New study on cerebral astrocytes in depression and suicide

A new study published by the team of Naguib Mechawar, Ph.D., a researcher with the McGill Group for Suicide Studies (MGSS) of the Douglas Institute (CIUSSS de l"Ouest-de-l"Ile de Montreal) and associate professor in the Department of Psychiatry at McGill University, sheds new light on the disruption of astrocytes in depression. Astrocytes, a class of non-neuronal cells, have previously been implicated in depression and suicide.

However, it was not known whether these cells were affected throughout the brain or only in certain regions. This research provides evidence that networks of astrocytes are altered specifically in areas of the brain associated with mood regulation. In addition, in describing the existence of new subtypes of astrocyte, this study reveals features specific to the human brain.The diversity and functional and morphological complexity of cortical astrocytes in humans, as well as their involvement in normal and pathological brain function, have only recently begun to be recognized. In particular, accumulating data generated by the MGSS and other independent research groups have indicated an abnormal regulation of astrocytic genes in the prefrontal cortex of patients who died while suffering from depression.

Breaking new ground

This work, carried out by MGSS doctoral candidates Susana Gabriela Torres-Platas and Corina Nagy, breaks new ground.

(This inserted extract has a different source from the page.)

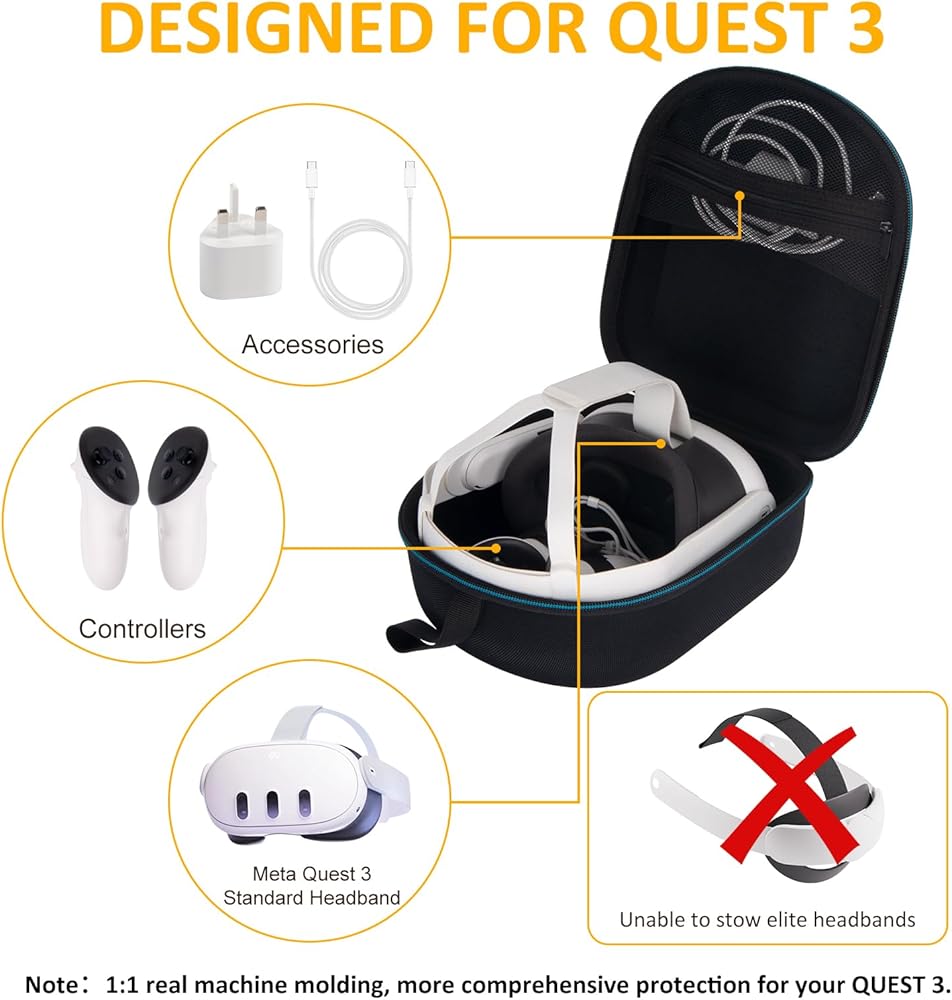 Hard Carrying Case for Meta Quest 3, Compatible with Meta Quest 3 Accessories, with ELITE Headband, Touch Controller and Other Accessories, Stylish Travel Design, Black (Black, S)

Based on the analysis of postmortem brain samples from the Douglas-Bell Canada Brain Bank, it demonstrates that the expression of the astrocyte-specific marker GFAP, which is significantly decreased in the prefrontal cortex of depressed suicides compared to that of healthy controls, is normal in other cortical areas that are not traditionally associated with depression, such as the visual cortex. However, GFAP expression was also found to be decreased in subcortical brain regions that are interconnected to the prefrontal cortex or that were previously implicated in mood disorders.

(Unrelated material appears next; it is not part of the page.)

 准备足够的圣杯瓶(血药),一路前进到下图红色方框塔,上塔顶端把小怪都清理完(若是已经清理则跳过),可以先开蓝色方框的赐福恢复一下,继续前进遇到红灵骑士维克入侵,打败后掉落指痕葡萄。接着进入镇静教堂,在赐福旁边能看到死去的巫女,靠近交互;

"Within these subcortical regions, in samples from both patients and healthy individuals, we also observed astrocytes that were larger and more complex than those seen in cortical areas. We are currently analyzing these cells to better understand their unique properties in the human brain. I am convinced that it is important to describe how the human brain is organized at the microscopic level, and how this organization is altered in depression, in order to better understand the biological causes of this illness. This should help develop new therapeutical targets," explains Mechawar.

This study appears today in the journal Molecular Psychiatry.